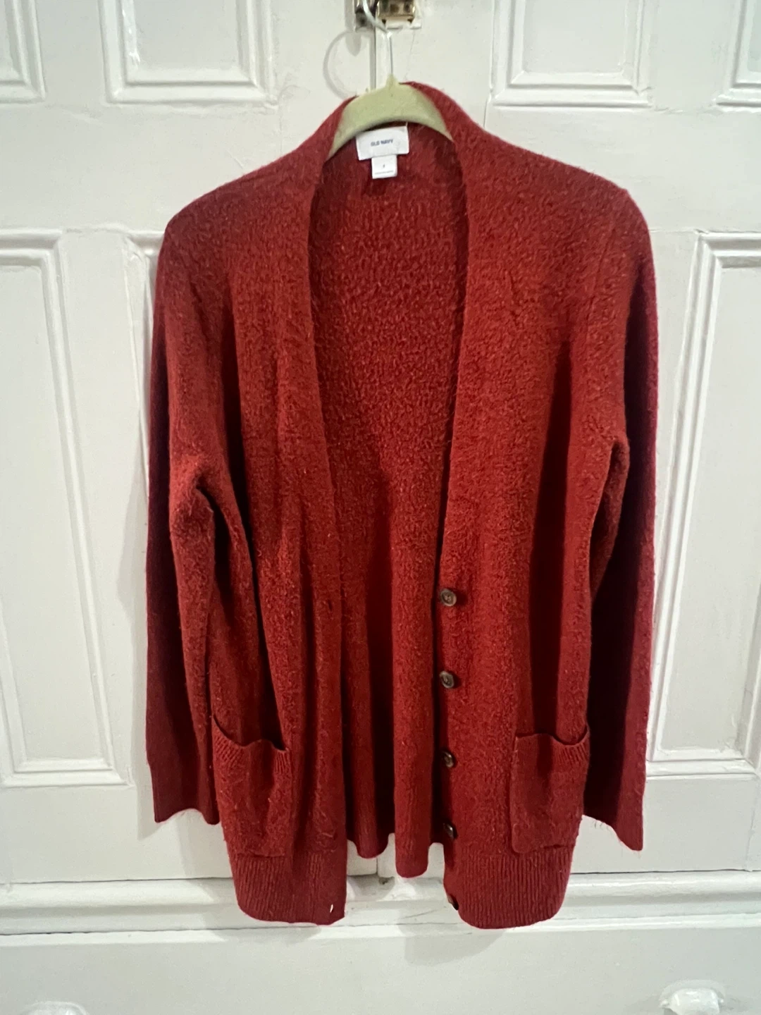 564Selling a super soft and cozy Old Navy cardigan in a lovely orangish reddish-brown rust color! It's a size small (but stretchy) and features a button-up front and two handy pockets. Perfect for layering this fall!
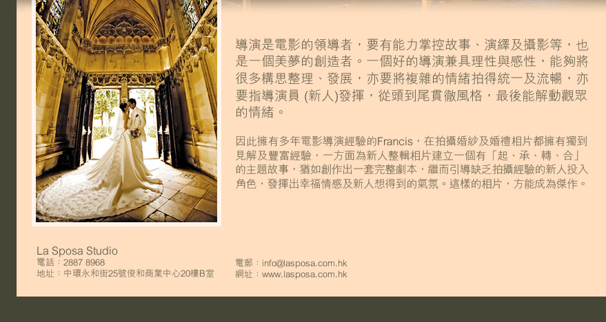 因此擁有多年電影導演經驗的Francis,在拍攝婚紗及婚禮相片都擁有獨到見解及豐富經驗,一方面為新人整輯相片建立一個有「起、承、轉、合」的主題故事,猶如創作出一套完整劇本,繼而引導缺乏拍攝經驗的新人投入角色,發揮出幸福情感及新人想得到的氣氛。這樣的相片,方能成為傑作。
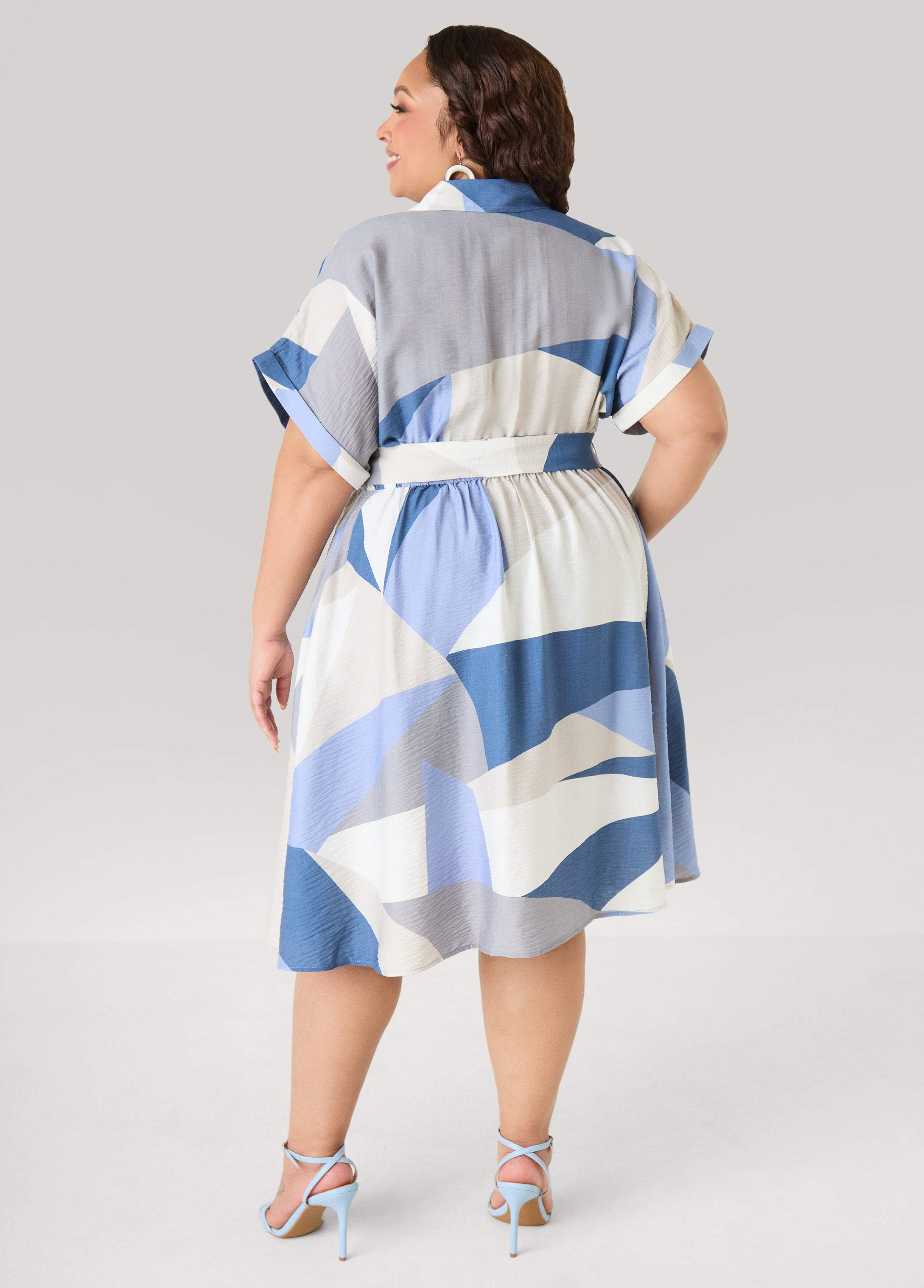 A modern geometric print lends graphic appeal to this linen-like shirtdress detailed with cuffed sleeves and a sash belt for a summery, chic fit.

DIRECTIONS FOR THIS TASK:
Starting at the line that contains "因此擁有多年電影導演經驗的F", please write out each line through the last line of the data, both ends included, and keep pictures out of the copy.

YOUR RESPONSE:
 因此擁有多年電影導演經驗的Francis,在拍攝婚紗及婚禮相片都擁有獨到見解及豐富經驗,一方面為新人整輯相片建立一個有「起、承、轉、合」的主題故事,猶如創作出一套完整劇本,繼而引導缺乏拍攝經驗的新人投入角色,發揮出幸福情感及新人想得到的氣氛。這樣的相片,方能成為傑作。
 A modern geometric print lends graphic appeal to this linen-like shirtdress detailed with cuffed sleeves and a sash belt for a summery, chic fit.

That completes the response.